Our free online Base Calculator allows you to convert numbers between different number bases instantly. Whether you need to convert from decimal to binary, hexadecimal to octal, or any other base conversion, our tool provides accurate results with real-time conversion and comprehensive validation.

What is Number Base Conversion?

Number base conversion is the process of changing a number from one number system (base) to another. The most common number systems include:

Binary (Base 2): Uses only digits 0 and 1, fundamental in computer science
Octal (Base 8): Uses digits 0 through 7, commonly used in computing
Decimal (Base 10): The standard number system using digits 0-9
Hexadecimal (Base 16): Uses digits 0-9 and letters A-F, widely used in programming

How to Use the Base Calculator

Enter your number: Type the number you want to convert in the input field
Select source base: Choose the current base of your number (e.g., 10 for decimal)
Select target base: Choose the base you want to convert to (e.g., 2 for binary)
View result: The converted number will appear instantly in the result field

Conversion Examples

Decimal to Binary:

255 (base 10) = 11111111 (base 2)

Hexadecimal to Decimal:

FF (base 16) = 255 (base 10)

Octal to Binary:

377 (base 8) = 11111111 (base 2)

Mathematical Formula

The conversion process involves two main steps:

Convert to Decimal: \[ \text{Decimal} = \sum_{i=0}^{n-1} d_i \times b^i \] Where \(d_i\) is the digit at position \(i\) and \(b\) is the base.
Convert from Decimal: Divide the decimal number by the target base repeatedly and collect remainders.

Supported Number Bases

Our calculator supports conversion between bases 2 through 36:

Bases 2-10: Use digits 0 through (base-1)
Bases 11-36: Use digits 0-9 and letters A-Z
Special bases: Binary (2), Octal (8), Decimal (10), Hexadecimal (16)

Common Use Cases

Computer Programming: Converting between binary, octal, and hexadecimal
Digital Electronics: Working with binary representations
Mathematics Education: Understanding different number systems
Data Analysis: Converting data between different representations
Cryptography: Working with different base encodings

Features of Our Base Calculator

Real-time conversion: Results update instantly as you type
Input validation: Ensures valid characters for each number base
Error handling: Clear error messages for invalid inputs
Copy functionality: Easy copying of results to clipboard
Base swapping: Quick swap between source and target bases
Educational content: Built-in guide and examples

Frequently Asked Questions

What is the maximum number I can convert?

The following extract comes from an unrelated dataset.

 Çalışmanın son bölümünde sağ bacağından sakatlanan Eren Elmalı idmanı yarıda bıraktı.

The calculator can handle very large numbers, limited only by JavaScript's number precision. For extremely large numbers, you might see some precision loss in the least significant digits.

Can I convert negative numbers?

Yes, the calculator supports negative numbers. Simply enter a negative sign before your number, and it will be converted while preserving the sign.

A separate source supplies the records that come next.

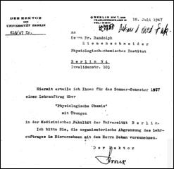 des Rektors der Wilhelms Universität Berlin vom 18.7.1947: Lehrauftrag (teachingassignment) 2: Brief
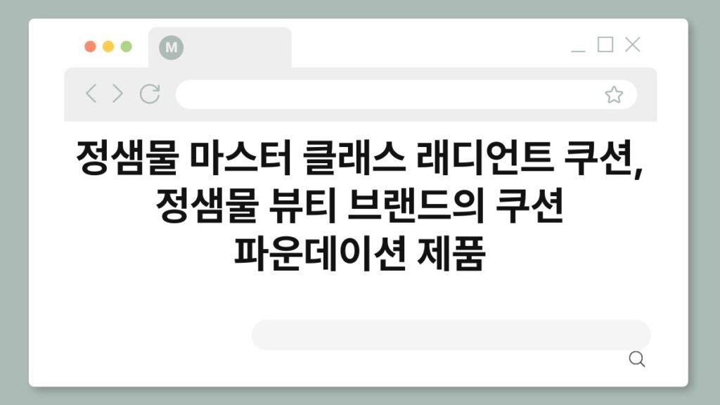 정샘물 마스터 클래스 래디언트 쿠션은 많은 뷰티 애호가들 사이에서 큰 사랑을 받고 있는 제품입니다. 정샘물 뷰티 브랜드는 고유의 기술력과 품질로 ...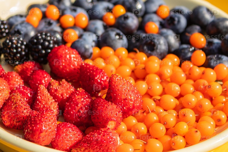 Смешанные разнообразные ягоды, собранные на участке, ягоды в ассортименте из ежевики, клубники, черники, облепихи. Красочная и здоровая концепция. Черный, синий, красный, зеленый. крупным планом

What characters are valid for different bases?

For bases 2-10, only digits 0 through (base-1) are valid. For bases 11-36, you can use digits 0-9 and letters A-Z (case insensitive). The calculator automatically converts lowercase letters to uppercase.

How accurate are the conversions?

The conversions are mathematically accurate. The calculator uses JavaScript's built-in parseInt() and toString() methods, which provide precise base conversion for all supported number ranges.

Can I convert between any two bases directly?

Yes, you can convert between any two supported bases (2-36) directly. The calculator first converts to decimal as an intermediate step, then converts to the target base.

What if I enter an invalid number for a base?

The calculator will display a clear error message indicating that the number contains invalid characters for the selected base. For example, entering "8" when converting from base 8 will show an error since base 8 only uses digits 0-7.